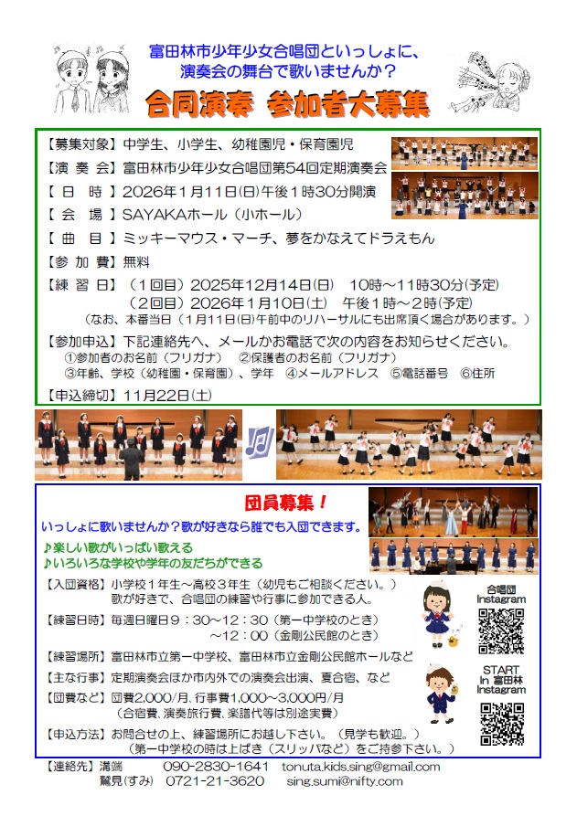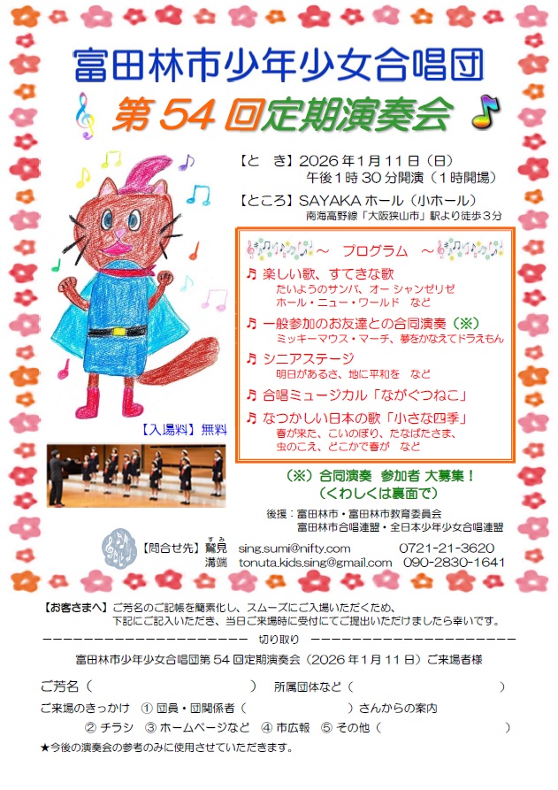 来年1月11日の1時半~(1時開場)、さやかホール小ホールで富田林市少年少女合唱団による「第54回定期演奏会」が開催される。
...
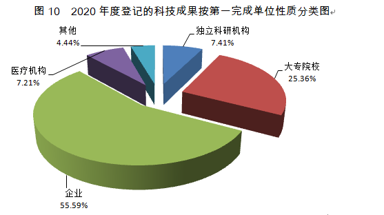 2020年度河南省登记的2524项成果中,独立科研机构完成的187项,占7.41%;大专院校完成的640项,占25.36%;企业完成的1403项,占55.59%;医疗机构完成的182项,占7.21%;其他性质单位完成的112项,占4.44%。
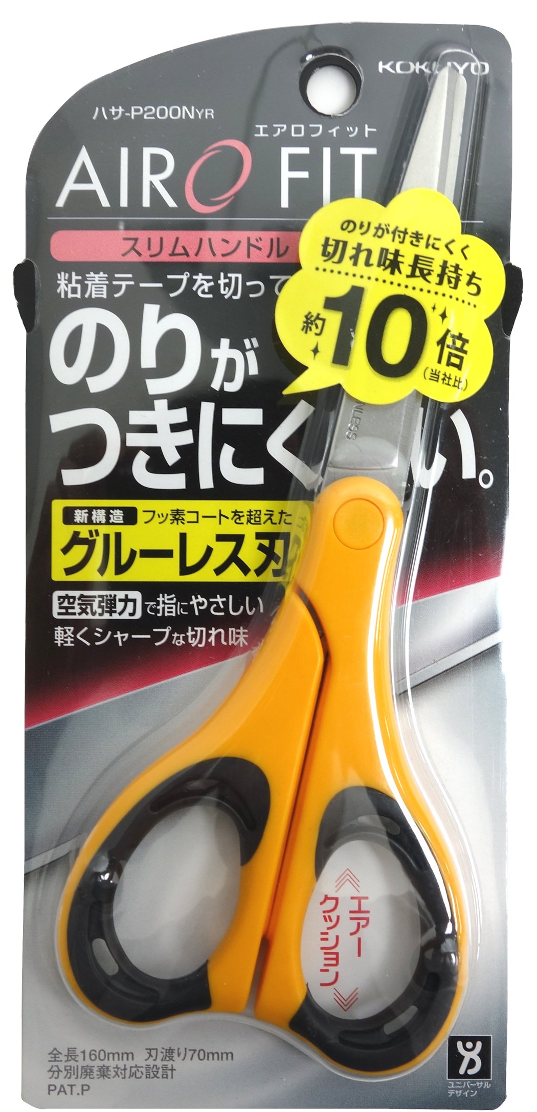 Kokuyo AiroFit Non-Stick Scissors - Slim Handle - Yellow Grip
* * *
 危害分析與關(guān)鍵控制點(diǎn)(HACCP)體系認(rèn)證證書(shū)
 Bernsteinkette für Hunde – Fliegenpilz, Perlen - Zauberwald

_Your goal_
Out of the records above, set down only the lines from the one that contains "2020年度河南省登记的25" through the one that contains "Kokuyo AiroFit Non-Stick", unchanged and without the pictures.

_Solution for this task_
 2020年度河南省登记的2524项成果中,独立科研机构完成的187项,占7.41%;大专院校完成的640项,占25.36%;企业完成的1403项,占55.59%;医疗机构完成的182项,占7.21%;其他性质单位完成的112项,占4.44%。
 Kokuyo AiroFit Non-Stick Scissors - Slim Handle - Yellow Grip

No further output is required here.